Âriflerin ışığı, velîlerin önderi, İslâmiyetin bekçisi ve Müslümanların sığınağı, İmâm-ı Rabbânî Müceddid-i Elf-i Sânî Ahmed Farûkî Serhendî hazretleri, hicrî 971’de, Hindistan’da Serhend şehrinde doğup, 1034’de (m 1624) yine orada vefât etti. Derin âlim, büyük velî ve müctehid idi. Silsile-i aliyyenin 23. halkasıdır. Nakşibendiyye, Kadiriyye, Çeştiyye, Kübreviyye, Sühreverdiyye tarikatlarında mürşid-i kâmil idi. Kelâm, fıkıh ve tasavvufun marifetlerini açıklayan Mektûbât kitabı uçsuz bir deryadır. Üç cilt olup, 536 mektûbunun toplanmasından meydana gelmiştir.
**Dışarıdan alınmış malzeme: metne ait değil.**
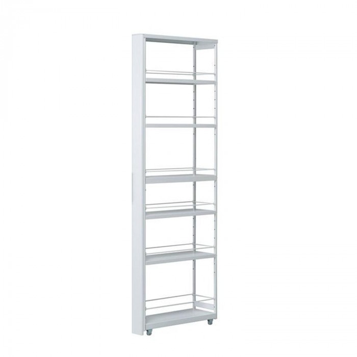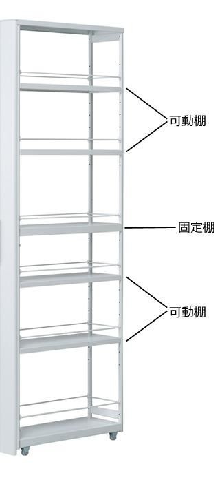 | ティッシュやシャンプーサイズの隙間を有効活用!!キッチンやサニタリーの隙間に大容量の立体収納ができます。可動棚4枚は、5cm間隔で高さ調節が可能。取っ手とキャスター付なので出し入れも簡単です。 |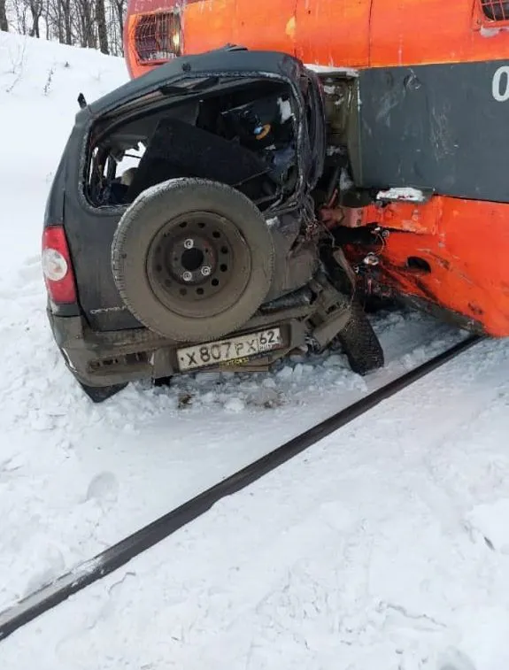 Электричка врезалась в Шевроле Нива в Рязанской области

Hadîs-i şerîfte buyuruldu ki:
“Ümmetimden, Sıla isminde biri gelecektir. Onun şefaati ile Cennete çok kimseler girecektir.”
Sıla isminin, İmâm-ı Rabbânî hazretlerine lâyık olduğunu, yüzlerce âlim sözbirliği ile bildirmişlerdir.
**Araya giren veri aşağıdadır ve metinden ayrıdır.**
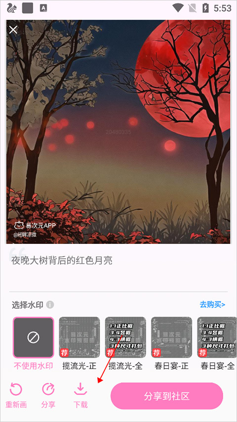 10、作品查看时可以对作品进行重画、二次加工、免费下载、分享等操作

17 yaşında, zâhirî ve bâtınî ilimlerin üstâdı oldu. Yüksek dereceleri, eşsiz makamları, kerâmetleri çok meşhurdur.
Talebeleriyle bir yolculuğa çıkmıştı. Bir kervansarayda konakladıklarında, talebelerine âniden şöyle buyurdu:
- Bugün buraya bir belâ geleceğini görüyorum. Herkes şu duâyı çok okusun:
“Bismillâhillezî lâ yedurru ma'asmihî şey’ün fil-Erdı velâ fissemâ ve hüves-semî’ul alîm.” ve “E'ûzü bi-kelimâtillâhittâm-mâti min şerri mâ halak.”
Bunu söyledikten iki saat kadar sonra yangın çıktı. Bu sözü duymayan bir talebesi ve diğer insanların mallarının çoğu yanıp telef oldu. Duâyı okuyanlar bir zarar görmedi.